─── Information supplied ───

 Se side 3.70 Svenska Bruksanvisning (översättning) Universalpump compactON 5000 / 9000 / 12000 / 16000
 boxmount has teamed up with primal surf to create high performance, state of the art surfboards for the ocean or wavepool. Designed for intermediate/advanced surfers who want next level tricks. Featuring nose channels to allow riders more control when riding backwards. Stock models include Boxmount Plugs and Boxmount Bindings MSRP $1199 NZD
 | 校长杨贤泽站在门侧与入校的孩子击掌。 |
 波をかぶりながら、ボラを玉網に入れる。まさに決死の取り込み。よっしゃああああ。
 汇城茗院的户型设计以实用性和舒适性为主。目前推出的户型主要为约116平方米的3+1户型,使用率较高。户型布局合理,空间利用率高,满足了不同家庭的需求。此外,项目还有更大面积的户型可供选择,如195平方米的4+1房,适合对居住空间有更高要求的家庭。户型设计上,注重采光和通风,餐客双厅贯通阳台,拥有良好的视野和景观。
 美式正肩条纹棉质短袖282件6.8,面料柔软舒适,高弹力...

───
─── Information supplied ───

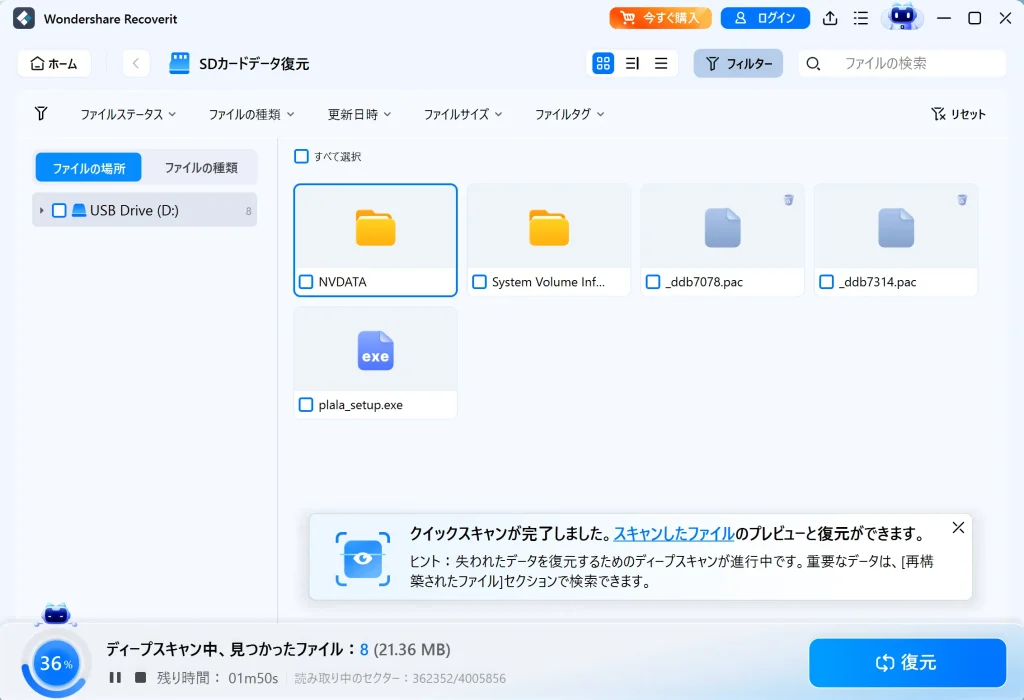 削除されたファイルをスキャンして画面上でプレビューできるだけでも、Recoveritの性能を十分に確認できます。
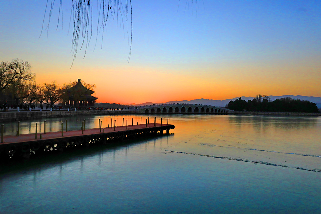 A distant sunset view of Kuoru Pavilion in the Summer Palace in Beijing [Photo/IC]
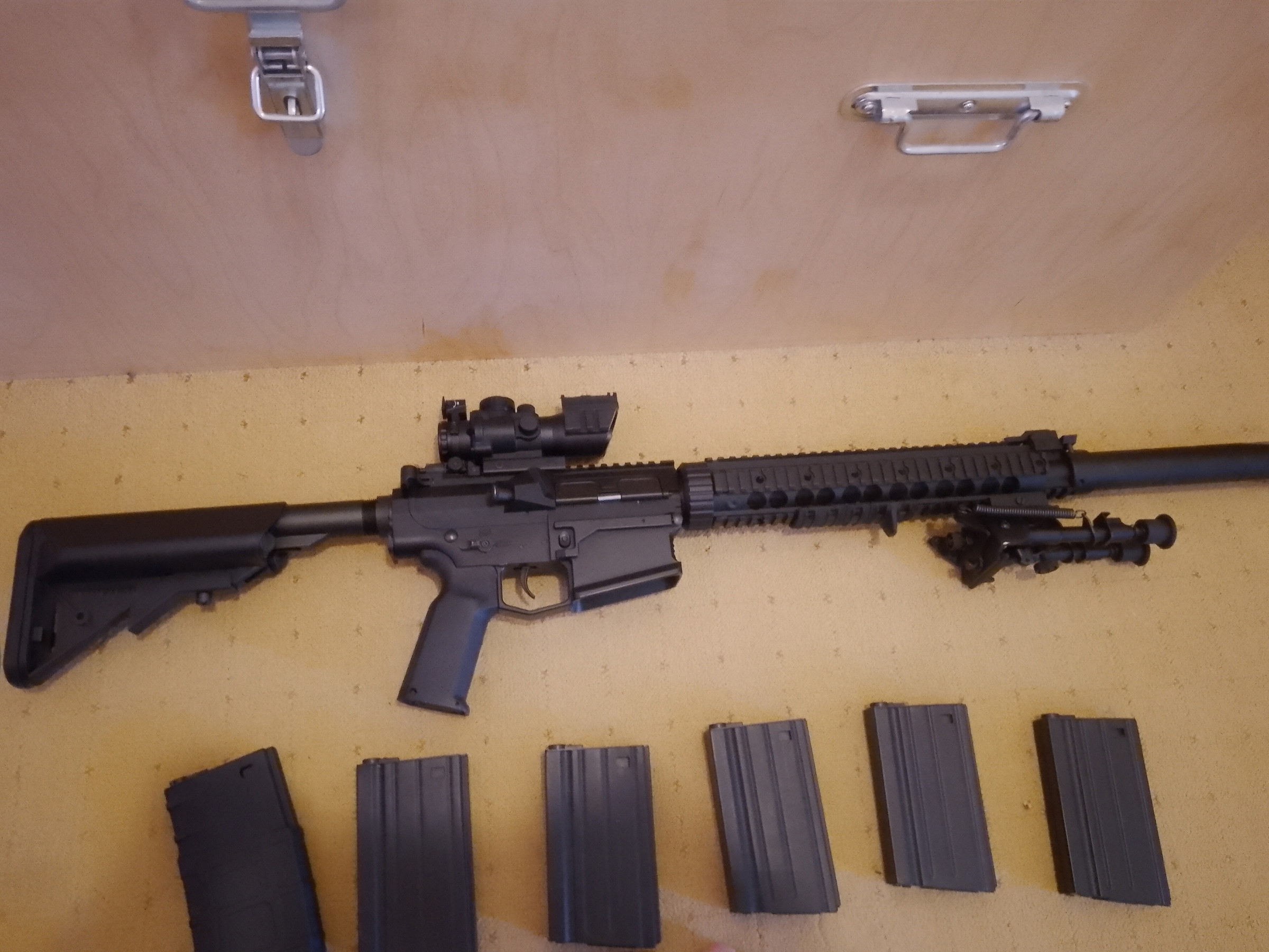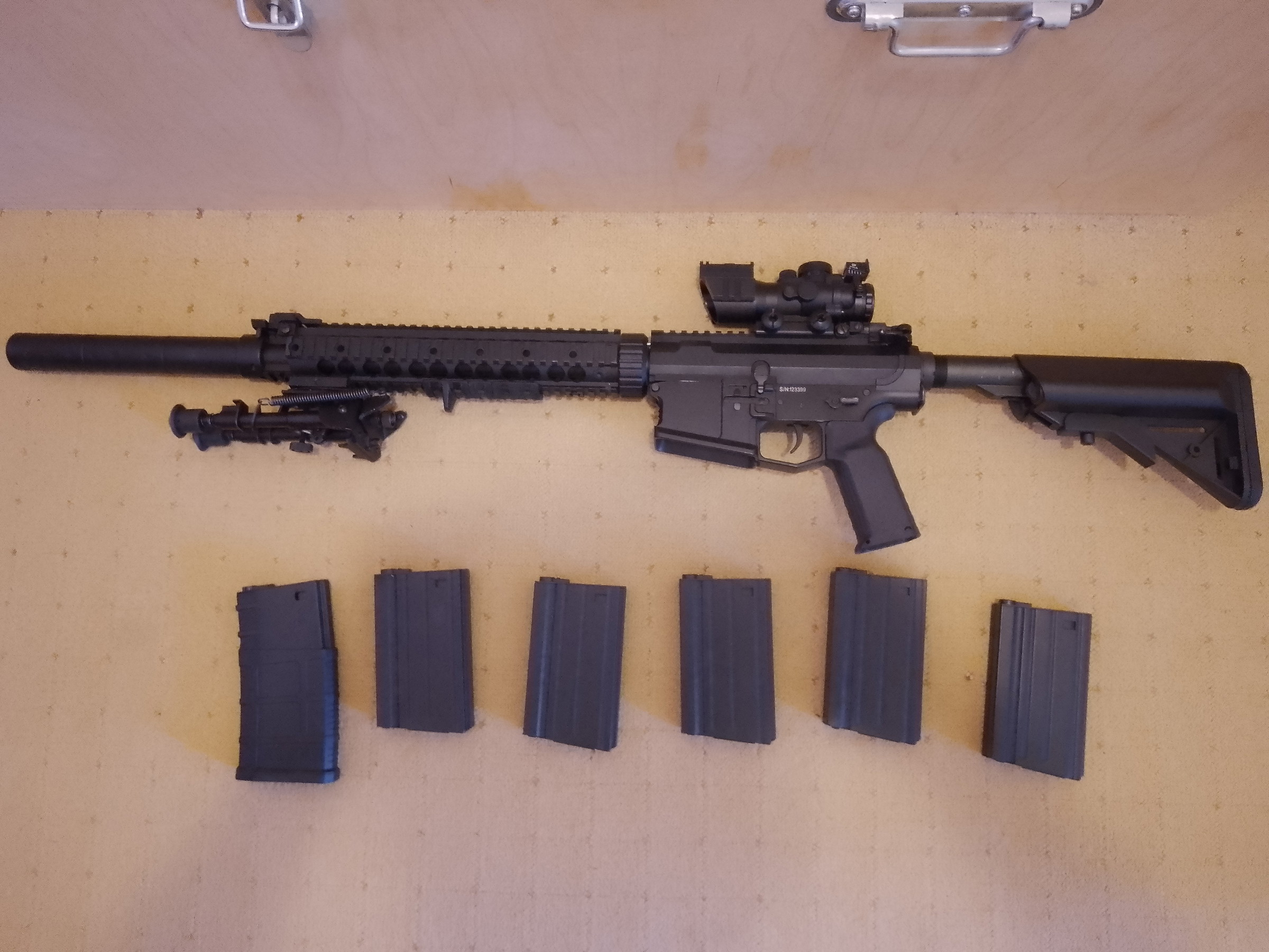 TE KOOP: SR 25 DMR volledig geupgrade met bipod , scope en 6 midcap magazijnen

───

Leave out every line above except those from the line with "波をかぶりながら、ボラを玉網に入れる。まさに決死の取り込み。よっしゃああああ。" up to and including the line with "美式正肩条纹棉质短袖282件6.8,面料柔软舒适,高弹力...", and copy those exactly.

▸ Exercise answer:
 波をかぶりながら、ボラを玉網に入れる。まさに決死の取り込み。よっしゃああああ。
 汇城茗院的户型设计以实用性和舒适性为主。目前推出的户型主要为约116平方米的3+1户型,使用率较高。户型布局合理,空间利用率高,满足了不同家庭的需求。此外,项目还有更大面积的户型可供选择,如195平方米的4+1房,适合对居住空间有更高要求的家庭。户型设计上,注重采光和通风,餐客双厅贯通阳台,拥有良好的视野和景观。
 美式正肩条纹棉质短袖282件6.8,面料柔软舒适,高弹力...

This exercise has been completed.